RECORDS FOR PROCESSING -
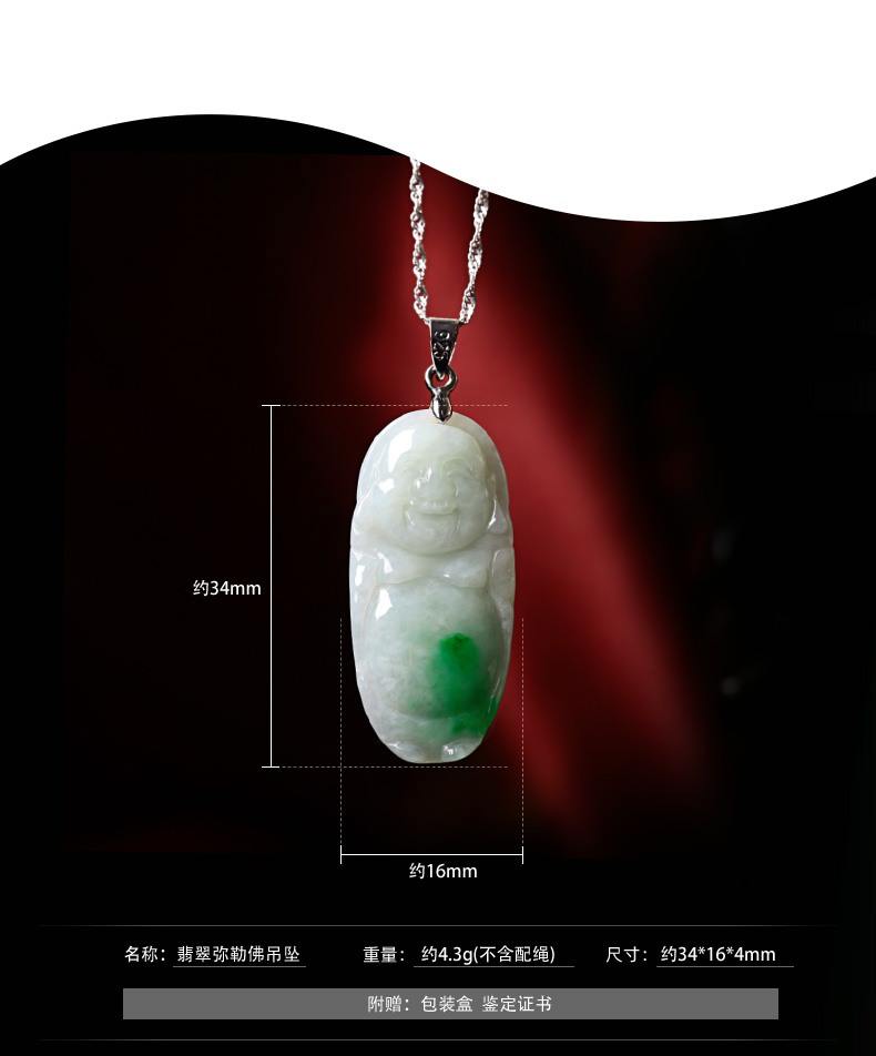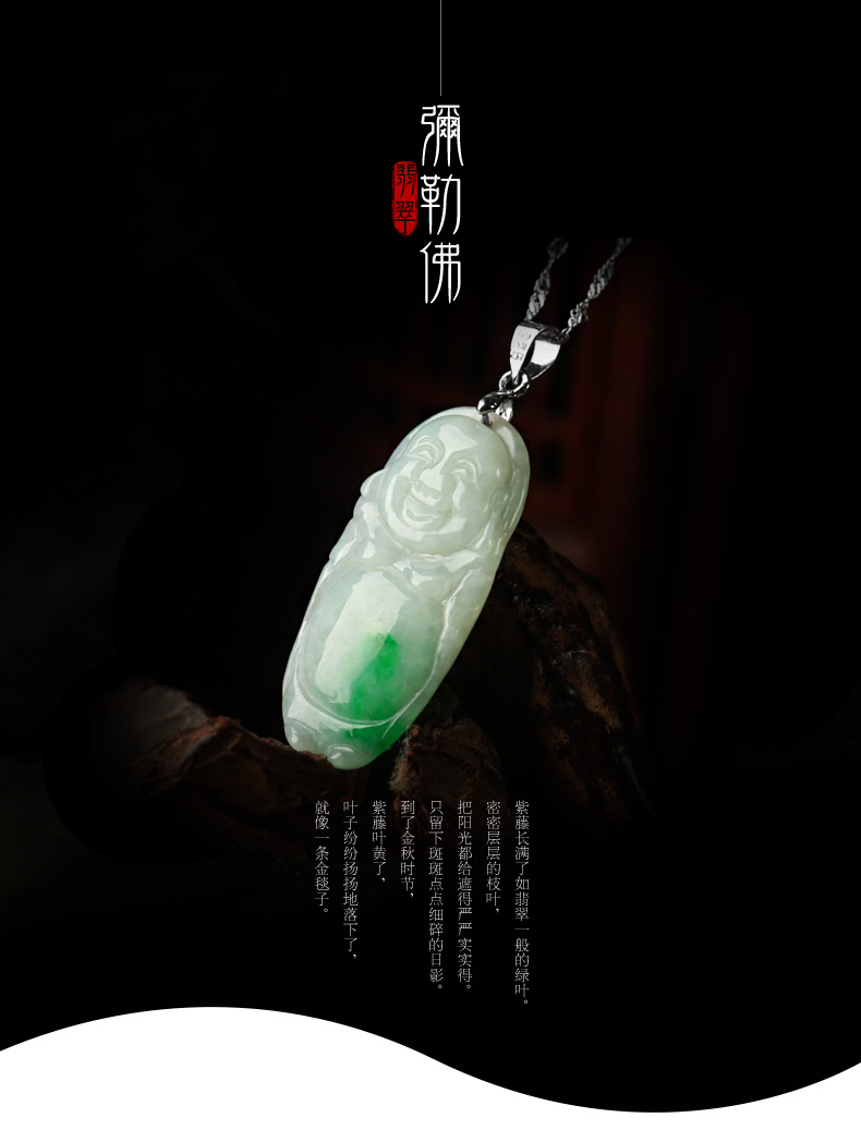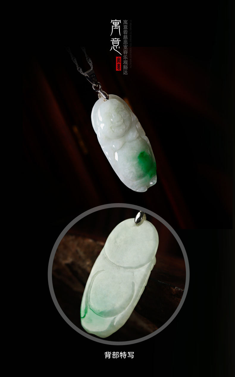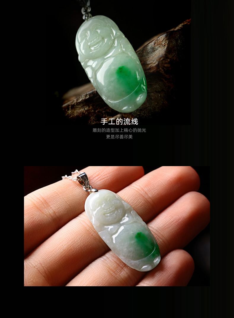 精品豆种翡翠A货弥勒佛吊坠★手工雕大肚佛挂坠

* * *

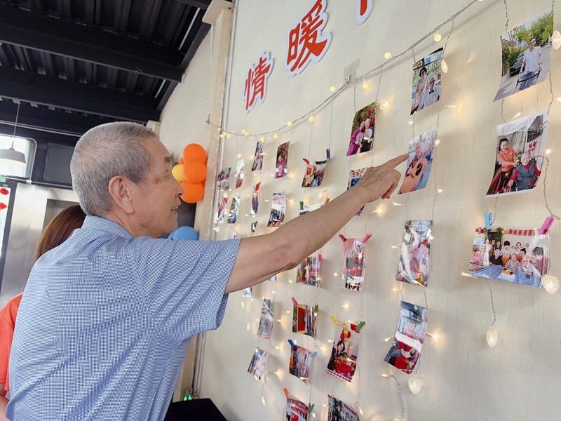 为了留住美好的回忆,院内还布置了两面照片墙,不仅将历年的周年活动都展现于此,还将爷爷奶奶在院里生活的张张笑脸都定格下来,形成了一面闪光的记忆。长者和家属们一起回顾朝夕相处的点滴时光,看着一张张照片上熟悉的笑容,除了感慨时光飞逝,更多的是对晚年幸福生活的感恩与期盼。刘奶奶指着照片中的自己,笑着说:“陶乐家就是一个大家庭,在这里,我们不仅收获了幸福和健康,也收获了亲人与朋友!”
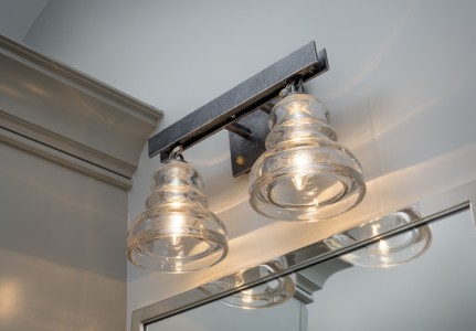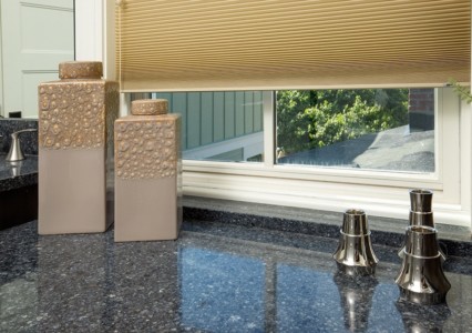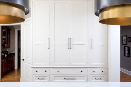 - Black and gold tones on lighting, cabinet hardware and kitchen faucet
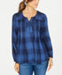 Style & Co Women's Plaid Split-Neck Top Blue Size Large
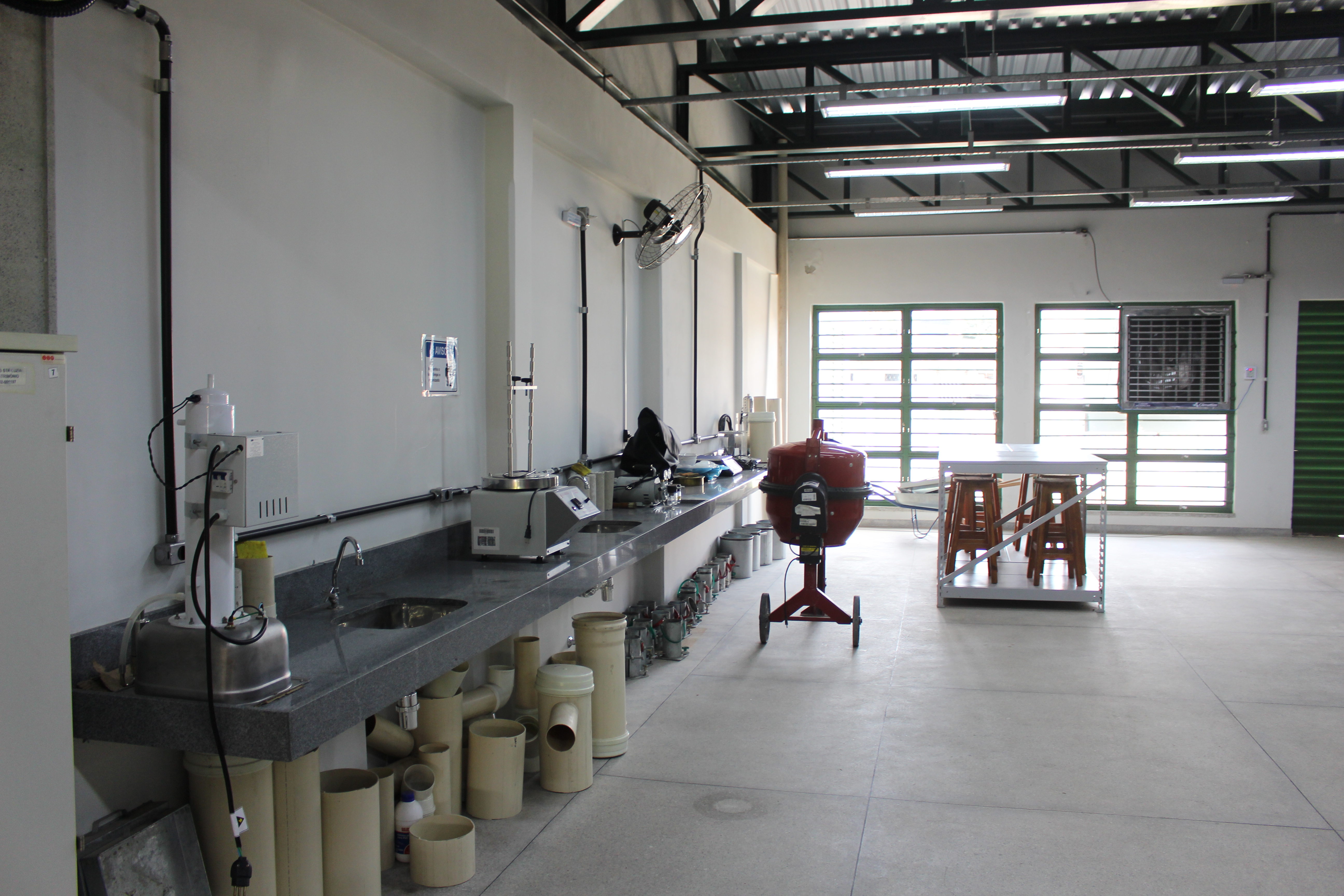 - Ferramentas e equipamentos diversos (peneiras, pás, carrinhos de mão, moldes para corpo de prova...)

--

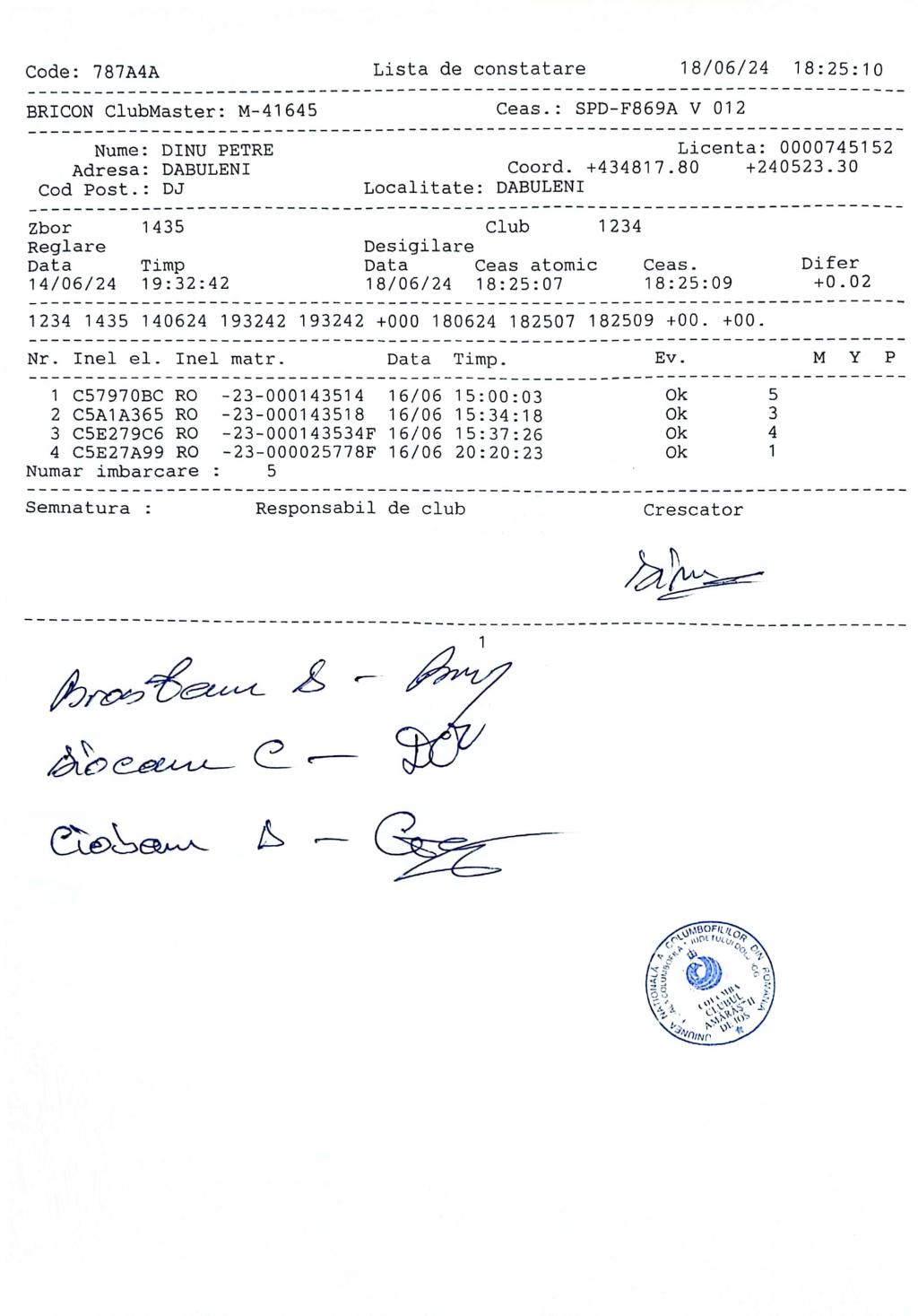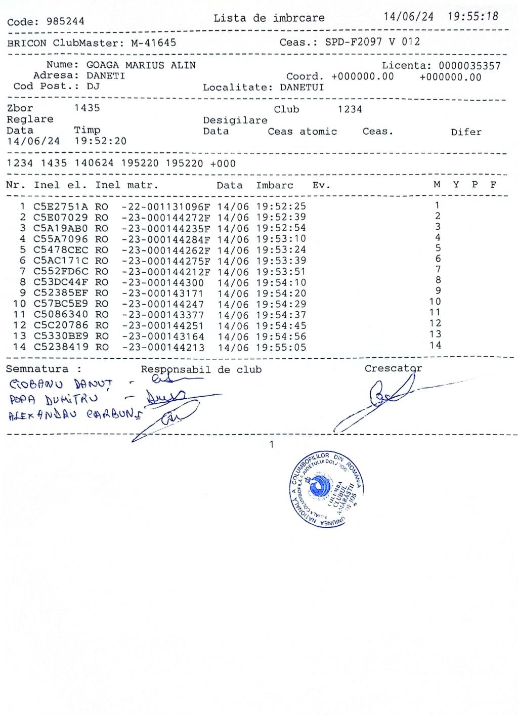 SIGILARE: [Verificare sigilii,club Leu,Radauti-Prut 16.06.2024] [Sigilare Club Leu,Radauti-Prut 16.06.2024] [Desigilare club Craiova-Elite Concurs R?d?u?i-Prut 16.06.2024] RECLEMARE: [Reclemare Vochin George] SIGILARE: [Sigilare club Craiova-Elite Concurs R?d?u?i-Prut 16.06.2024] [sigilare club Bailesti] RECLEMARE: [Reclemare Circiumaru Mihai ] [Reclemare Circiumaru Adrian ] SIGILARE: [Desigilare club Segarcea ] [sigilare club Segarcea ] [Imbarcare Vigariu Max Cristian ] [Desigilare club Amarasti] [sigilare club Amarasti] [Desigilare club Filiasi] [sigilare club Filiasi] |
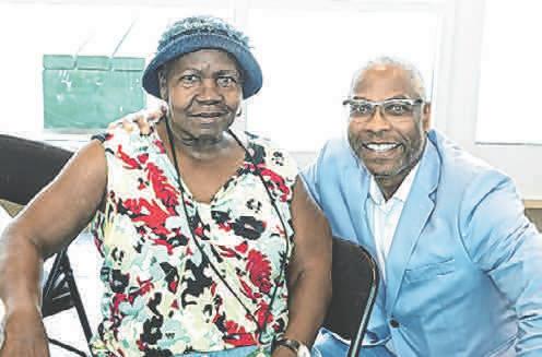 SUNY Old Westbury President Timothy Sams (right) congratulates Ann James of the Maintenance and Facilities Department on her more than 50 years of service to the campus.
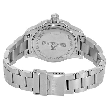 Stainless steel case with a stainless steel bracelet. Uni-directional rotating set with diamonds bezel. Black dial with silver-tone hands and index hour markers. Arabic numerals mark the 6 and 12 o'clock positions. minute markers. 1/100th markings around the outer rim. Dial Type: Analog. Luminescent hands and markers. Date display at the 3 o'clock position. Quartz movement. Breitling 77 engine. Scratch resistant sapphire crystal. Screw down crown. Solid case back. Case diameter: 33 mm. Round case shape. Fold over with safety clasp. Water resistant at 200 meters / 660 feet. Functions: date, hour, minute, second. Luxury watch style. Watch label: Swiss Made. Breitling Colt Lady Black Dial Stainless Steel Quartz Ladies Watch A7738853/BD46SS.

EXERCISE DIRECTIONS -
In the data above, the stretch from the line with "为了留住美好的回忆,院内还布" through the line with "- Ferramentas e" is to be returned exactly, minus any pictures.

FINISHED EXERCISE -
 为了留住美好的回忆,院内还布置了两面照片墙,不仅将历年的周年活动都展现于此,还将爷爷奶奶在院里生活的张张笑脸都定格下来,形成了一面闪光的记忆。长者和家属们一起回顾朝夕相处的点滴时光,看着一张张照片上熟悉的笑容,除了感慨时光飞逝,更多的是对晚年幸福生活的感恩与期盼。刘奶奶指着照片中的自己,笑着说:“陶乐家就是一个大家庭,在这里,我们不仅收获了幸福和健康,也收获了亲人与朋友!”
 - Black and gold tones on lighting, cabinet hardware and kitchen faucet
 Style & Co Women's Plaid Split-Neck Top Blue Size Large
 - Ferramentas e equipamentos diversos (peneiras, pás, carrinhos de mão, moldes para corpo de prova...)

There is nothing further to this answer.